Gerek 4721 s. TMK'nun 705. maddesi, gerekse İİK'nun 134. maddesi hükümleri gereği cebri icrada mülkiyet ihale ile alıcıya geçer. Tescil veya teslim cebri artırmalarda mülkiyetin geçişi için zorunlu değildir. TMK'nun 705. maddesinin 2. fıkrasında da belirtildiği gibi, tescil ihale yoluyla mülkiyet kendisine geçen alıcının, temliki tasarrufta bulunabilmesi için gereklidir. İhale ile mülkiyeti kazanan alıcı, kural olarak taşınmazın yarar ve hasarını da üstlenmiş olur. (6098 sayılı TBK m. 208) Bu durumda alıcı malik sıfatıyla, taşınmazı işgal eden şahsın tahliyesini (İİK m. 135/2 kapsamında) isteyebileceği gibi, fuzuli şagil aleyhine ecrimisil istemiyle dava da açabilir. Ancak açılacak bu davada ecrimisil, borçluya gönderilecek ihtarın tebliginden 15 gün sonrası için istenebilecektir. İhalenin feshi istenilmiş ise, bu konudaki dava sonuçlanıp ihale kesinleşinceye kadar, satılan taşınmaz icra dairesi tarafından muhafaza ve idare edilir (İİK m 134/1).

Somut olayda, yukarıda değinilen yasal düzenlemeler dikkate alınarak, ihale tarihinden sonra İİK'nun 135/2. maddesi uyarınca yapılan ihtarda verilen 15 günlük sürenin bitiminden (24.7.2008 tarihinden) dava tarihine kadar ecrimisil hesabı yapılarak, belirlenen miktara hükmedilmesinde bir isabetsizlik bulunmamaktadır.

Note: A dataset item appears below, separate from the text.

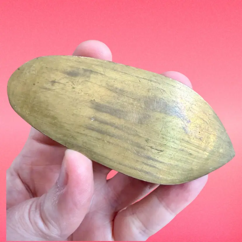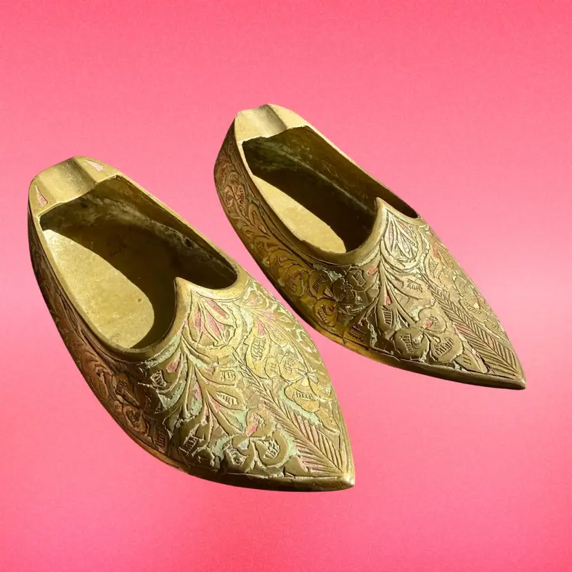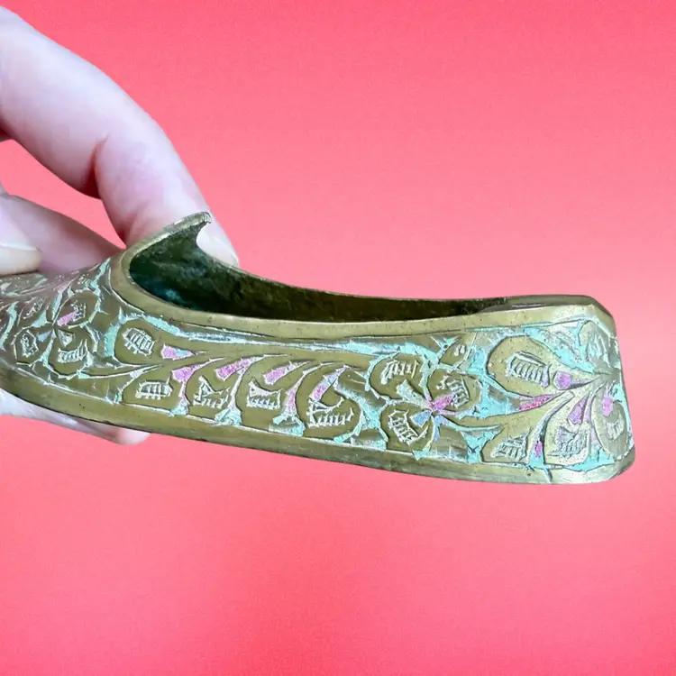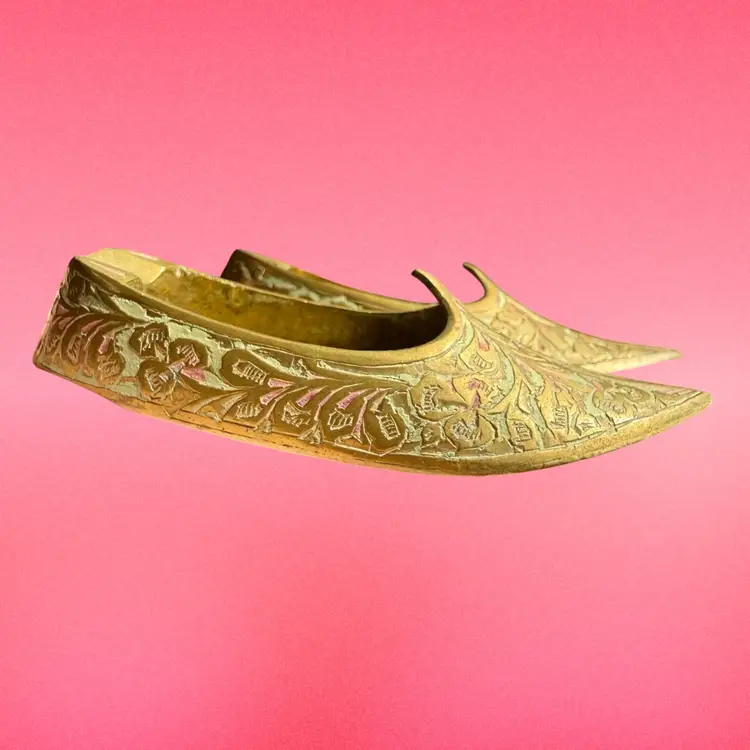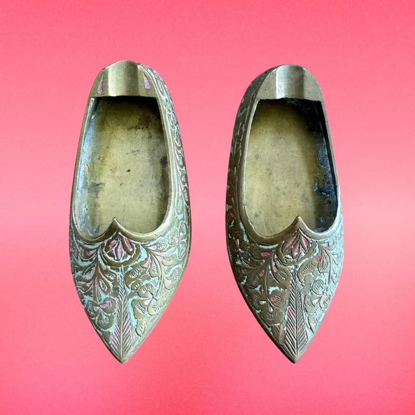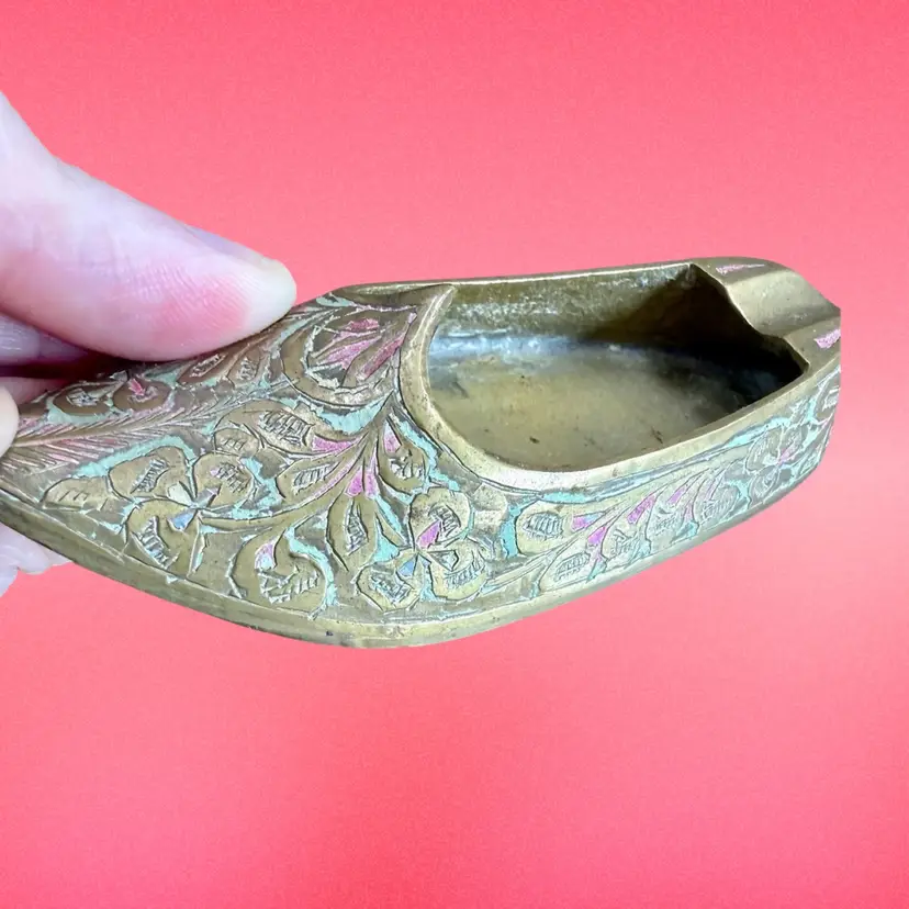 3.75”x1.5”x0.75”. Listing is for TWO little handheld ashtrays in the shape of traditional Indian shoes. Each shoe is etched with a lovely design and has some (faded) red and green paint within the etching. Ash trays are used and have some wear on the inside from use. No marks or stickers.

Öte yandan, davacının taşınmazda paydaş olduğu gözetilmeden payı oranında ecrimisile hükmedilmesi yerine taşınmazın tamamı için belirlenen miktara hükmedilmesi doğru değil ise de, bu husus davalılar tarafından temyiz edilmediğinden bozma nedeni yapılmamıştır.

Ayrıca, davacının maddi tazminat isteği yönünden usulünce açılıp harçlandırılan bir dava bulunmamaktadır. Kısmi ıslah ile de, dava dilekçesinde bulunmayan bir talebin davaya dahil edilmesi olanağı bulunmadığından, mahkemece maddi tazminat isteğinin reddine karar verilmesi, bu gerekçeyle sonucu itibariyle doğrudur.

Açıklanan nedenlerle; dosya içeriğine, toplanan delillere, hükmün dayandığı yasal ve hukuksal gerekçeye, delillerin takdirinde bir isabetsizlik bulunmamasına göre, davacının temyiz itirazı yerinde değildir. Reddiyle usul ve yasaya uygun olan hükmün ONANMASINA, Harçlar Kanununun değişik 13. maddesinin j. Bendi gereğince davacıdan harç alınmasına yer olmadığına, 19.01.2015 tarihinde oybirliğiyle karar verildi.